Because the Appeals Council denied review, the ALJ's decision became the final decision of the Commissioner and is reviewable by this Court. 42 U.S.C. § 405(g). Cullinan v. Berryhill, 878 F.3d 598, 603 (7th Cir. 2017). The Court plays an “extremely limited” role in reviewing the ALJ's decision. Elder v. Astrue, 529 F.3d 408, 413 (7th Cir. 2008). Judicial review of the ALJ's 3 decision is limited to determining whether it adequately discusses the issues and is based upon substantial evidence and the proper legal criteria. Villano v. Astrue, 556 F.3d 558, 561-62 (7th Cir. 2009). “Substantial evidence” is “such relevant evidence as a reasonable mind might accept as adequate to support a conclusion.” Biestek v. Berryhill, 139 S.Ct. 1148, 1154 (2019) (internal quotation omitted). “To determine whether substantial evidence exists, the court reviews the record as a whole but does not attempt to substitute its judgment for the ALJ's by reweighing the evidence, resolving material conflicts, or reconsidering facts or the credibility of witnesses.” Beardsley v. Colvin, 758 F.3d 834, 836-37 (7th Cir. 2014); accord Jeske v. Saul, 955 F.3d 583, 587 (7th Cir. 2020). While this review is deferential, “it is not intended to be a rubber-stamp” on the ALJ's decision. Stephens v. Berryhill, 888 F.3d 323, 327 (7th Cir. 2018). The Court will reverse the ALJ's finding “if it is not supported by substantial evidence or if it is the result of an error of law.” Id. at 327.

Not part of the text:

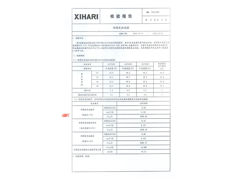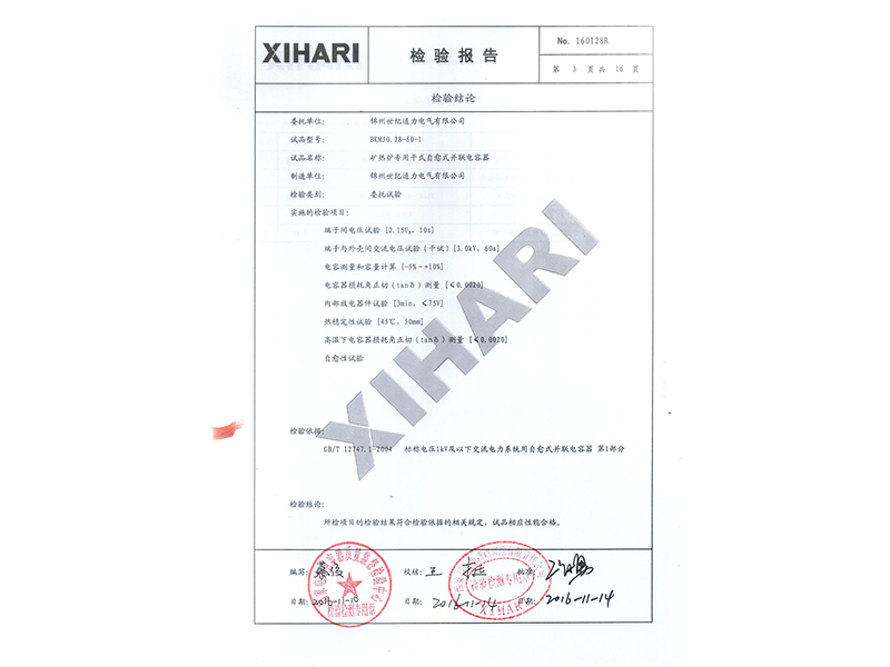 報告 礦熱爐專用干式自愈式電容器型式試驗報告

The ALJ has a basic obligation both to develop a full and fair record and to “build an accurate and logical bridge between the evidence and the result [so as] to afford the claimant meaningful judicial review of the administrative findings.” Beardsley, 758 F.3d at 837. Although the ALJ is not required to mention every piece of evidence in the record, the ALJ's analysis “must provide some glimpse into the reasoning behind her decision to deny benefits.” Zurawski v. Halter, 245 F.3d 881, 889 (7th Cir. 2001); accord Craft v. Astrue, 539 F.3d 668, 673 (7th Cir. 2008). The ALJ “must explain [the ALJ's] analysis of the evidence with enough detail and clarity to permit meaningful appellate review.” Scrogham v. Colvin, 765 F.3d 685, 695 (7th Cir. 2014) (quoting Briscoe, 425 F.3d at 351). Thus, even if reasonable minds could differ as to whether the claimant is disabled, courts will affirm a decision if the ALJ's opinion is adequately explained and supported by substantial evidence. See Elder, 529 F.3d at 413. 4
II. Analysis
Plaintiff argues that substantial evidence does not support the ALJ's determination that she is not disabled, and that the ALJ committed reversible error in finding some of her impairments non-severe. [Pl.'s Mot. at 2-4.] Plaintiff additionally asserts that the ALJ erred in failing to give her treating physician's opinion controlling weight. [Id. at 4-5.] The Commissioner argues in response that the ALJ reasonably considered the evidence in the record, and appropriately supported his analysis with an adequate discussion of the issues. [Dkt. 21, Def.'s Mem. at 2-5.] Further, the Commissioner argues, the ALJ reasonably considered the statements of Plaintiff's treating physician and appropriately determined that they were not entitled to any deference. [Id. at 5-7.] For the reasons that follow, this Court agrees with the arguments of the Commissioner, and affirms the ALJ's decision.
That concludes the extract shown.